▶ [Problem statement]
The lines below, from the one holding "El sacerdote portugués" through the one holding "La guinda del", are to be restated word for word, with all images left out.

Entries taken from a collection:
++++++++++++++++++++
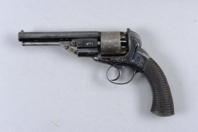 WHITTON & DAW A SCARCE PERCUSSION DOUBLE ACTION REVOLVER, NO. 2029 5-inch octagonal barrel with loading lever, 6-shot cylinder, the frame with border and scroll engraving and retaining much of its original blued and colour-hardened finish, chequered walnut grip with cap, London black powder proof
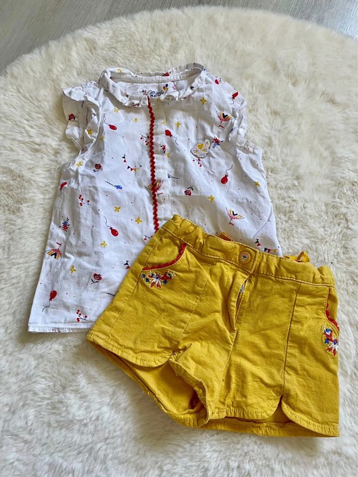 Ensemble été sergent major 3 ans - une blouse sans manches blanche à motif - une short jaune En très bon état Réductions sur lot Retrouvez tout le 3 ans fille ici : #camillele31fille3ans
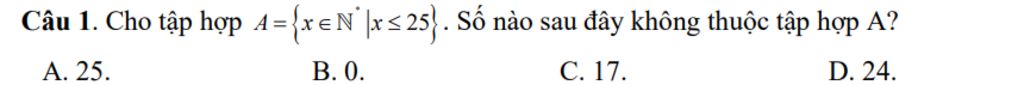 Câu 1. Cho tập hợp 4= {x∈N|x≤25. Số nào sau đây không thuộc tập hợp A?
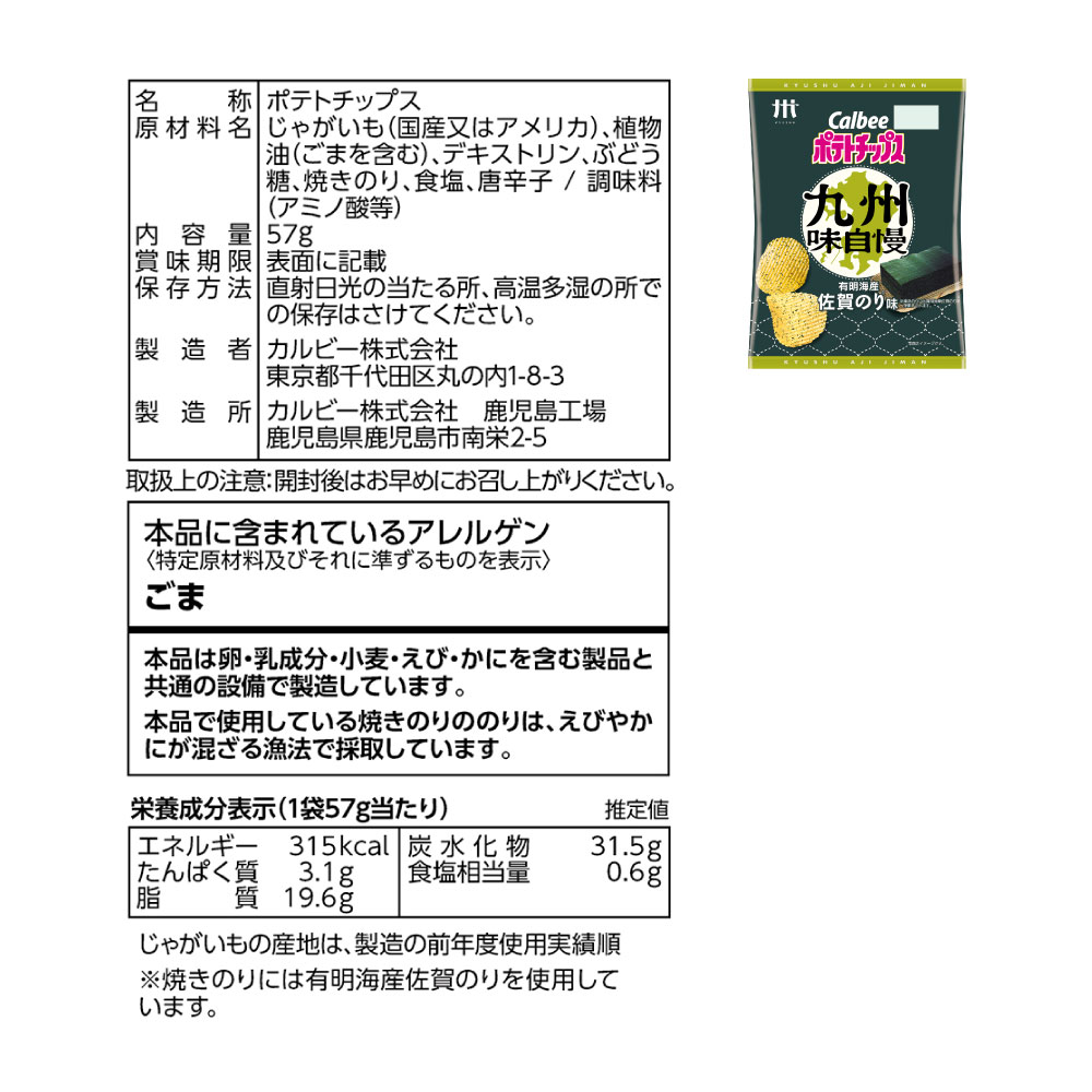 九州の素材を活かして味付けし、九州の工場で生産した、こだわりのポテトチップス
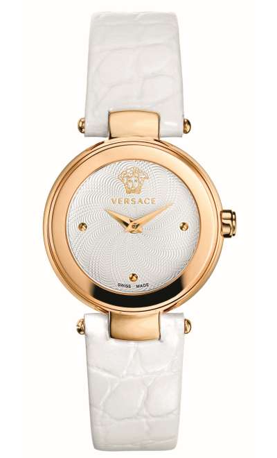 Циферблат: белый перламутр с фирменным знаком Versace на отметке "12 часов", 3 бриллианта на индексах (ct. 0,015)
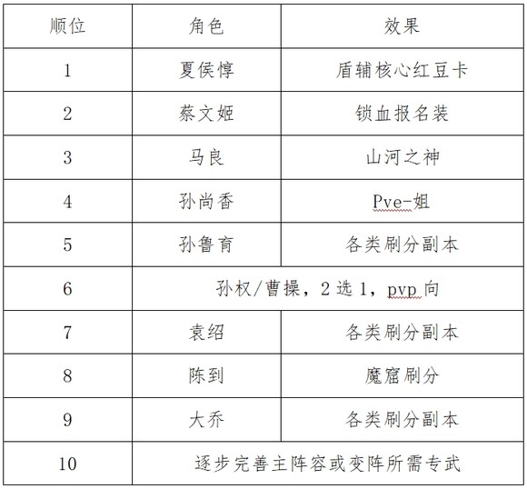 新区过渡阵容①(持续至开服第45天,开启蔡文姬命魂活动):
++++++++++++++++++++
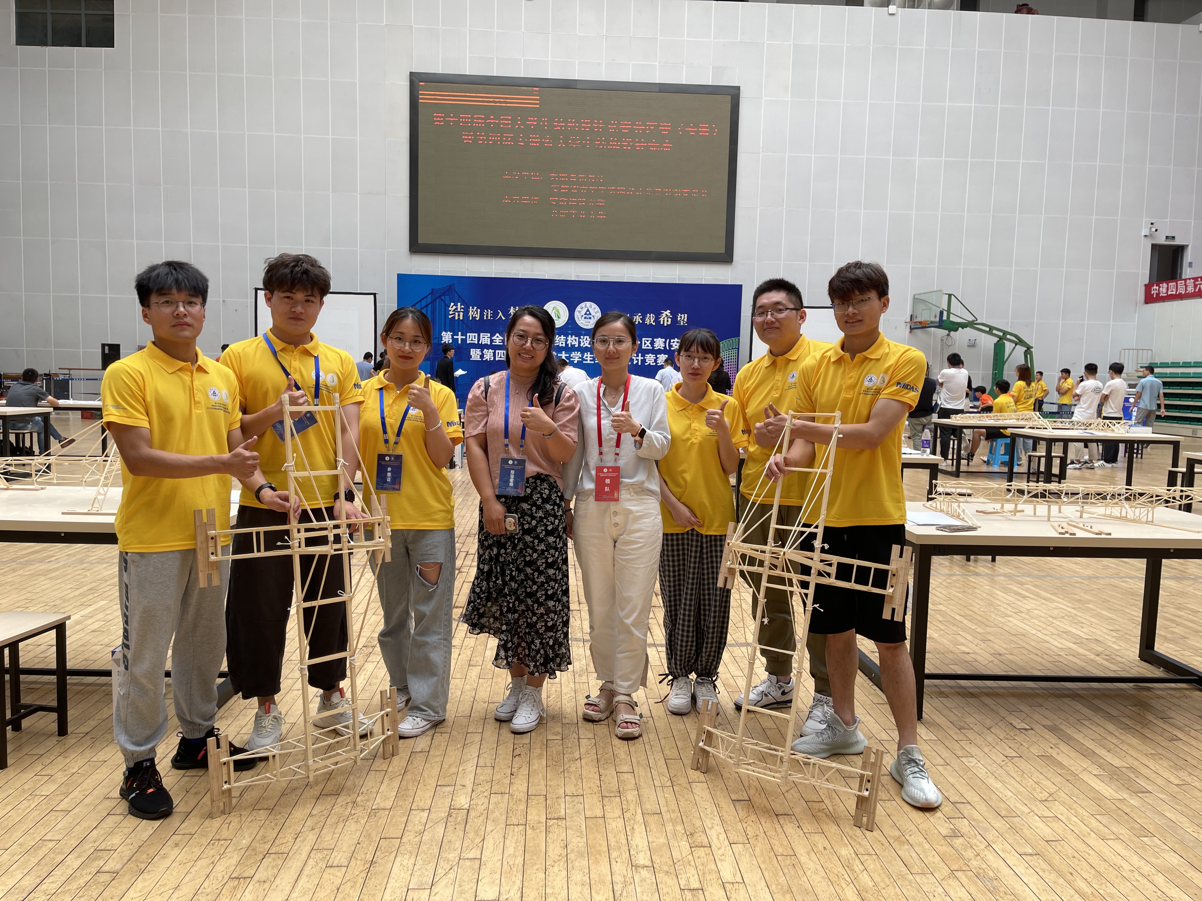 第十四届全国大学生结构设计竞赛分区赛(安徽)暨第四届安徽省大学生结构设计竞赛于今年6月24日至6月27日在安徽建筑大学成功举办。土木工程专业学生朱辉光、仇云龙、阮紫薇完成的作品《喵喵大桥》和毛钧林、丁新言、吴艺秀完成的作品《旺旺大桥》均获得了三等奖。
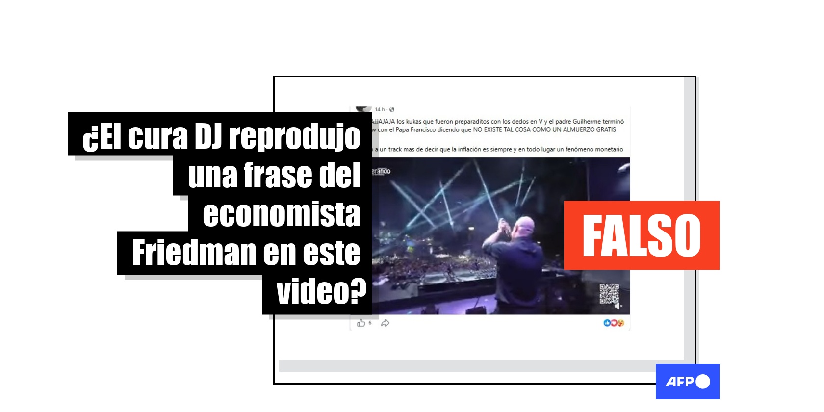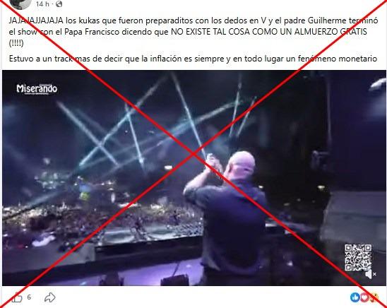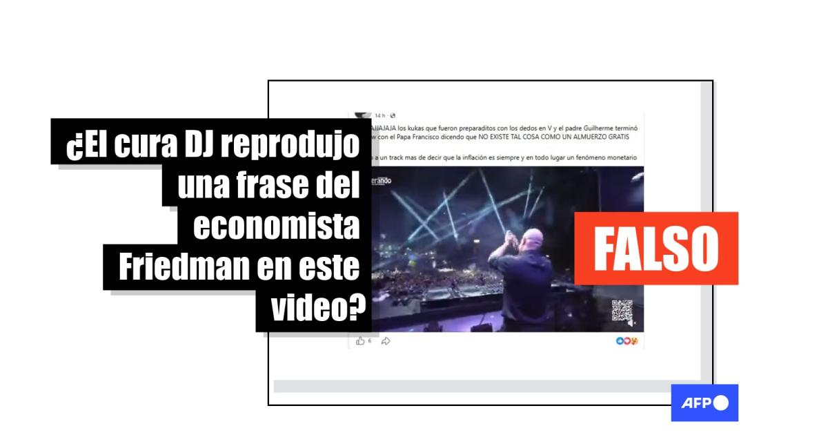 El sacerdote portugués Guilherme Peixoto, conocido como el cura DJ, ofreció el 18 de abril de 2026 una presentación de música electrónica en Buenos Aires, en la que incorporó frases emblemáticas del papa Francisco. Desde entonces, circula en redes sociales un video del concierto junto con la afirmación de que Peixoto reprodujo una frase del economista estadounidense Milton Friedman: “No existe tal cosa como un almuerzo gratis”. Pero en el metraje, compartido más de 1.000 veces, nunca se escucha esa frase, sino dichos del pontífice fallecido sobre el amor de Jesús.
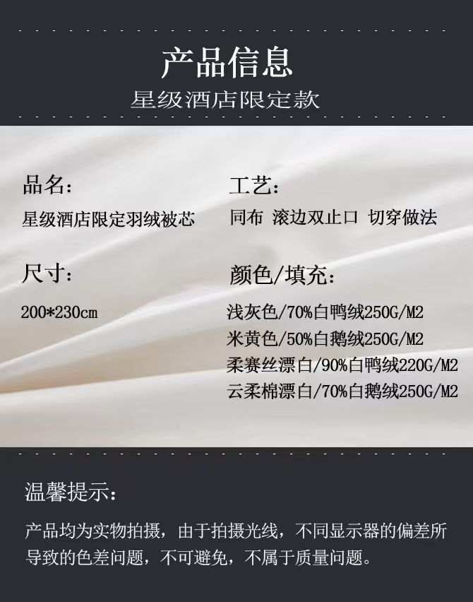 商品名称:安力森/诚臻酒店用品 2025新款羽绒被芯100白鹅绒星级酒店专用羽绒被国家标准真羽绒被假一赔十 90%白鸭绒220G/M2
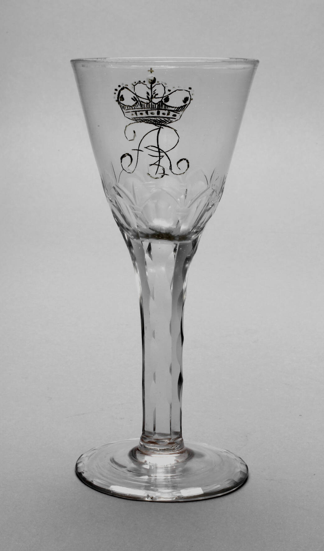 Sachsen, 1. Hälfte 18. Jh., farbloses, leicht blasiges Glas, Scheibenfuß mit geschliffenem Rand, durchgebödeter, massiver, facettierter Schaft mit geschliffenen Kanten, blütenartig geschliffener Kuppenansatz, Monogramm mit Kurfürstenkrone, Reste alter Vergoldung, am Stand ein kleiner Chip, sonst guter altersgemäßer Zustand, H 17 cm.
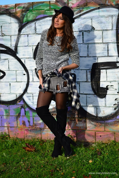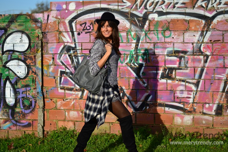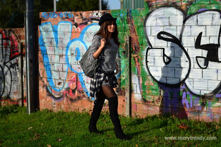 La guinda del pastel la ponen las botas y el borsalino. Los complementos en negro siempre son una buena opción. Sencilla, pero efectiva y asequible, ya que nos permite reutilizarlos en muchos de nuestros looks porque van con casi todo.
++++++++++++++++++++
▶ [Written answer]
 El sacerdote portugués Guilherme Peixoto, conocido como el cura DJ, ofreció el 18 de abril de 2026 una presentación de música electrónica en Buenos Aires, en la que incorporó frases emblemáticas del papa Francisco. Desde entonces, circula en redes sociales un video del concierto junto con la afirmación de que Peixoto reprodujo una frase del economista estadounidense Milton Friedman: “No existe tal cosa como un almuerzo gratis”. Pero en el metraje, compartido más de 1.000 veces, nunca se escucha esa frase, sino dichos del pontífice fallecido sobre el amor de Jesús.
 商品名称:安力森/诚臻酒店用品 2025新款羽绒被芯100白鹅绒星级酒店专用羽绒被国家标准真羽绒被假一赔十 90%白鸭绒220G/M2
 Sachsen, 1. Hälfte 18. Jh., farbloses, leicht blasiges Glas, Scheibenfuß mit geschliffenem Rand, durchgebödeter, massiver, facettierter Schaft mit geschliffenen Kanten, blütenartig geschliffener Kuppenansatz, Monogramm mit Kurfürstenkrone, Reste alter Vergoldung, am Stand ein kleiner Chip, sonst guter altersgemäßer Zustand, H 17 cm.
 La guinda del pastel la ponen las botas y el borsalino. Los complementos en negro siempre son una buena opción. Sencilla, pero efectiva y asequible, ya que nos permite reutilizarlos en muchos de nuestros looks porque van con casi todo.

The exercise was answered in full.